Вспоминалась ребячья критика за обращение к мельнику. Да, конечно, они правы. Это не намного лучше воровства. Клянчить у врага помощи. В камере я говорил Комарову, что на сделку не пойдем. А вчера решился на такую сделку с собственной совестью. А почему так получается? С ребячеством еще не совсем покончено. К тому же опыта нет и знаний маловато. Значит, ума надо набираться, к людям прислушиваться. И быть честным всегда и во всем. Подумав так, я невольно покраснел, загорелись уши и щеки. Болтаю о честности, а только что поступил бесчестно. Об Илюшке и Митьке рассказал, а о себе умолчал. А почему? Забыл? Другие – на языке, а сам – в сундуке? Чужой котух протух, а свой – золотой?
«Ну хватит, – приказал я себе. – Все в меру. Еще будет время. Себя не пожалею…»
Хотелось вбежать в клуб и закричать ура. Но я опять подавил желание. Спокойно, дружище! Не мальчик, а секретарь. Держись, как положено.
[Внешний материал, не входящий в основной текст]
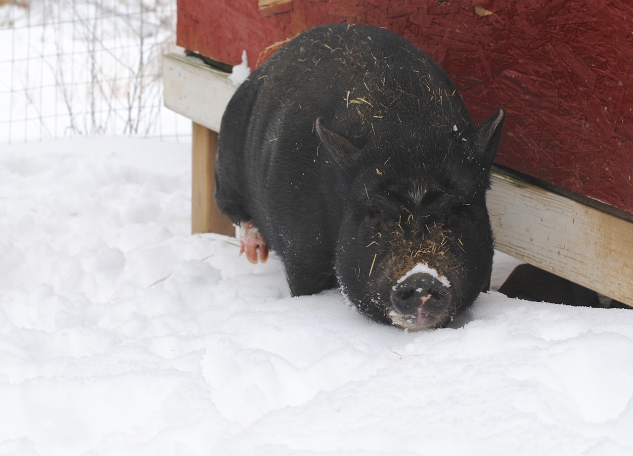 So far at the farm we’ve got 8 inches, and we’re expecting another one or two before it’s all over. I took the break between snowfalls to take pictures of everyone outside.
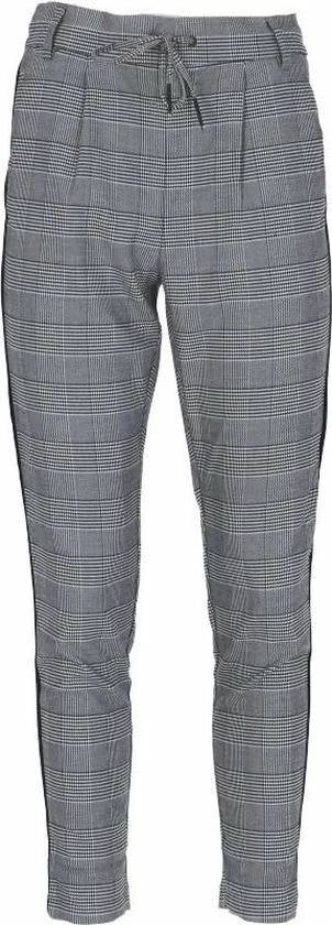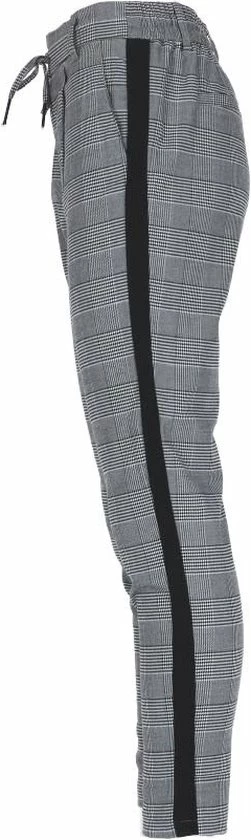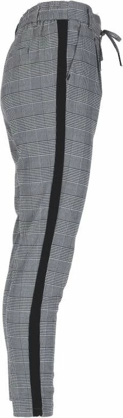 Geruit; Steekzakken; Sierpaspelzakken; Zwarte bies op de zijnaad; Elastische tailleband met aantrekkoord; Riemlussen
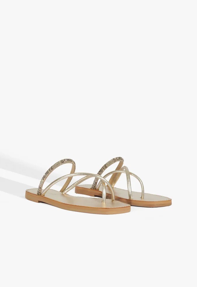 Aposte na elegância descomplicada. Esta sandália rasteira dourada é a peça-chave para um visual moderno e versátil. O design de tiras finas e o detalhe em strass no peito do pé trazem um toque de sofisticação e brilho. Perfeita para te acompanhar do dia à noite com muito conforto e estilo. Características Material: Multimaterial Cor: Dourado Tamanho do salto: 2,5 cm Referência: S2088901280003

Я вошел медленно и деловито. Ребята разом прекратили работу и уставились на меня. А я взял с подоконника шнур, подал гирьку Прошке и подошел к дубку.
– Прикладывай в обрез…
Мелом я натер шнур и опустил у другого конца.
– Отбей!
Гришка Орчиков подскочил к середине кругляка, как тетиву, натянул шнур и спустил его. Со звоном ударившись о дерево, шнур отпечатал на нем ровную меловую линию.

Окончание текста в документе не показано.